Review

A review of a journal article created by a Journal Watch contributor

Awake caudal anesthesia in ex-premature infants undergoing lower abdominal surgery

A narrative review.

Pediatric Anesthesia

Submitted July 2024 by Dr John Burnett

Read by 83 Journal Watch subscribers

It is well known that ex-premature infants are a high risk patient group, particularly with regard to perioperative apnoea. A question that is front of mind for most paediatric anaesthetists is “how can we use regional anaesthesia safely and effectively to improve outcomes for this vulnerable group of patients?”

We know that spinal anaesthesia for infant hernia repair compared to GA is associated with a lower risk of apnoea, however it does have an appreciable failure rate. Additionally, for success it requires a relatively short surgical time and, although not necessarily borne out in the literature, many clinicians opine that there is a learning curve involved in performing spinals in this group.
Awake caudal anaesthesia is proposed as a potential solution to these limitations.

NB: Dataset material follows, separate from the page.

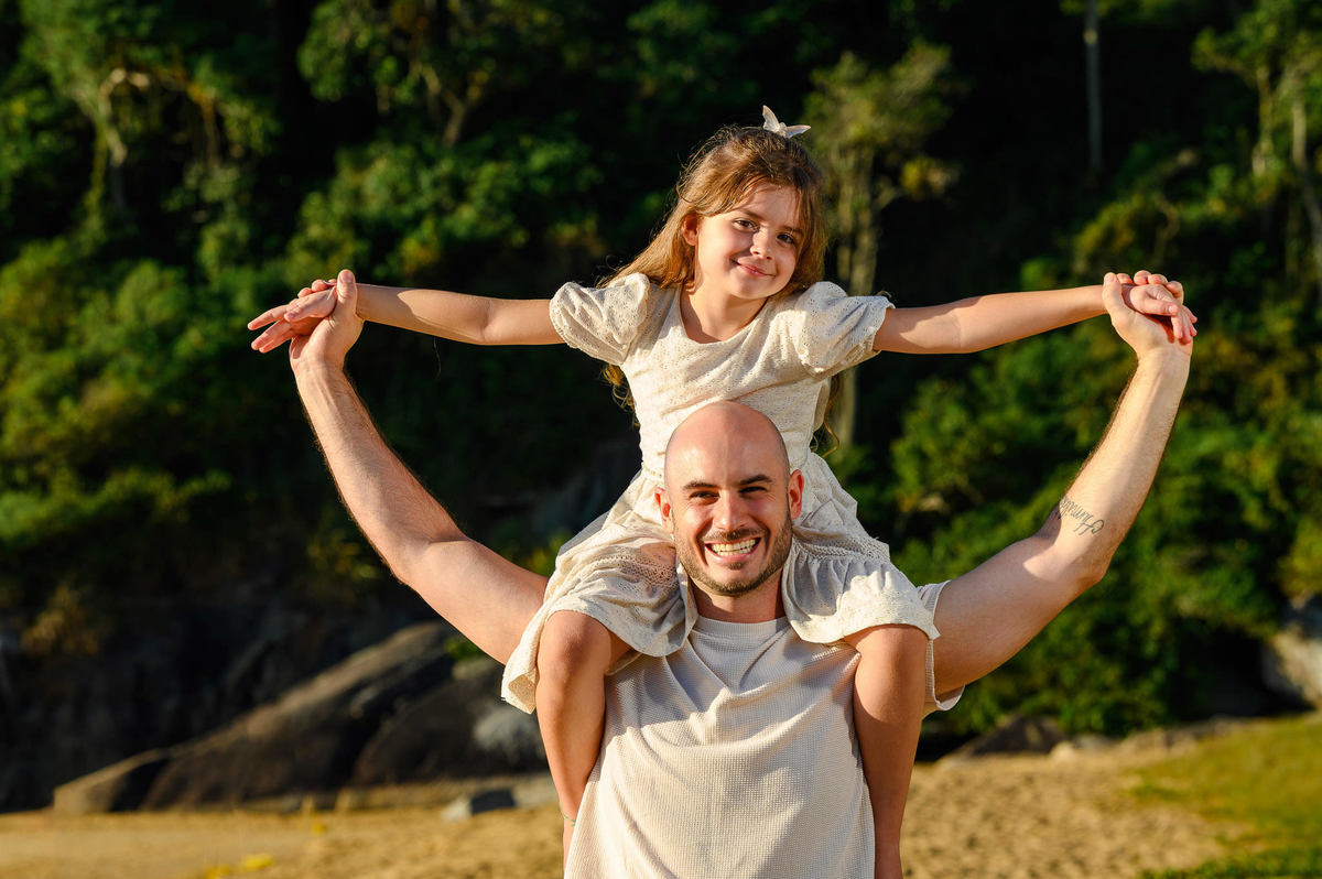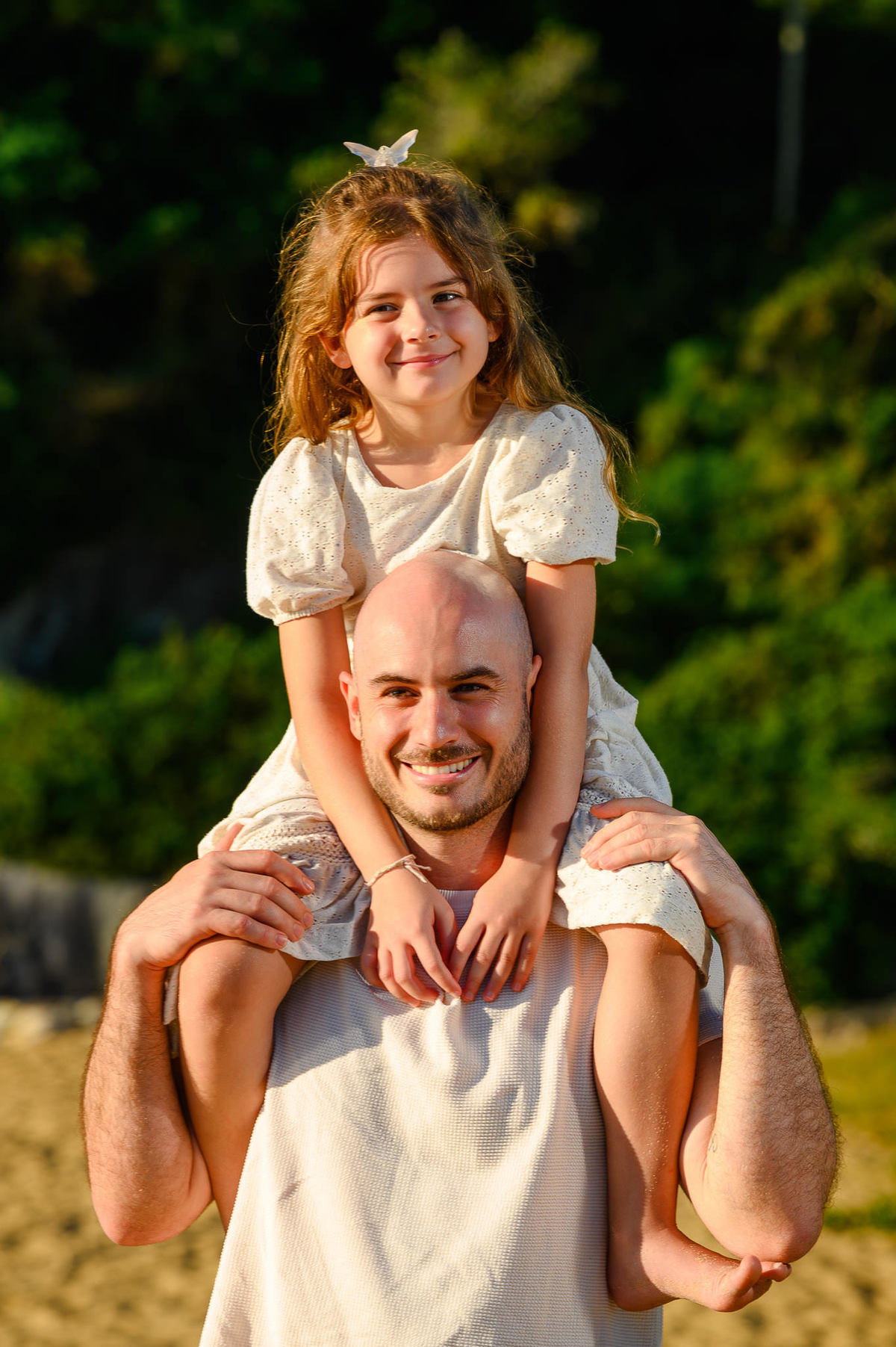 Entre uma pose e outra, surgiram os momentos mais bonitos: olhares, risadas, abraços, a filha participando, a água batendo no pé sem pedir licença… Esse tipo de detalhe que não dá pra planejar, só viver.

The aim of this narrative review was to determine, from the available literature, whether awake caudal anaesthesia is a feasible and reliable procedure with low complication rates in ex-prem infants having abdominal surgery.

The authors (both with significant knowledge and experience in awake regional techniques) concluded that there was insufficient evidence to validate or refute the benefits of the use of awake caudal anaesthesia in premature and ex-prem infants.

The overall quality of the data was poor, with 45 reports analysed in total, including 8 RCTs as well as non-randomised prospective and retrospective series. There was significant heterogeneity and incomplete data reporting, overall preventing a systematic review.

The review included 558 (36%) cases of awake caudal, 837 (54.1%) cases of “awake” caudal with sedation and 153 (9.9%) cases of combined spinal caudal epidural (CSEA) without sedation.
Main findings:
1) Marked variability in approaches to “awake” caudal anaesthesia. Original description of awake was using no sedation, but more recently the technique seems to involve sedation for initiation and/or throughout (for example with sevoflurane, propofol or dexmedetomidine)

2) Slow onset of surgical anaesthesia (although only 35% of papers reported onset times)

3) Overall failure rates and perioperative apnoea rates were considered high:
- Failure rates were highest for CSEA (13.7%), intermediate for awake caudal (6.6%) and lowest for “awake” caudal with sedation (5.85%). Non-significant differences.
- The incidence of perioperative apnoea was highest for “awake” caudal with sedation (8.16%), intermediate for awake caudal (7.62%) and lowest for CSEA (5.53%). These differences were not significant.

4) It was noted that large doses (often more than max recommended) of local anaesthetic was common and there was a significantly higher rate of high spinal blocks in the larger series.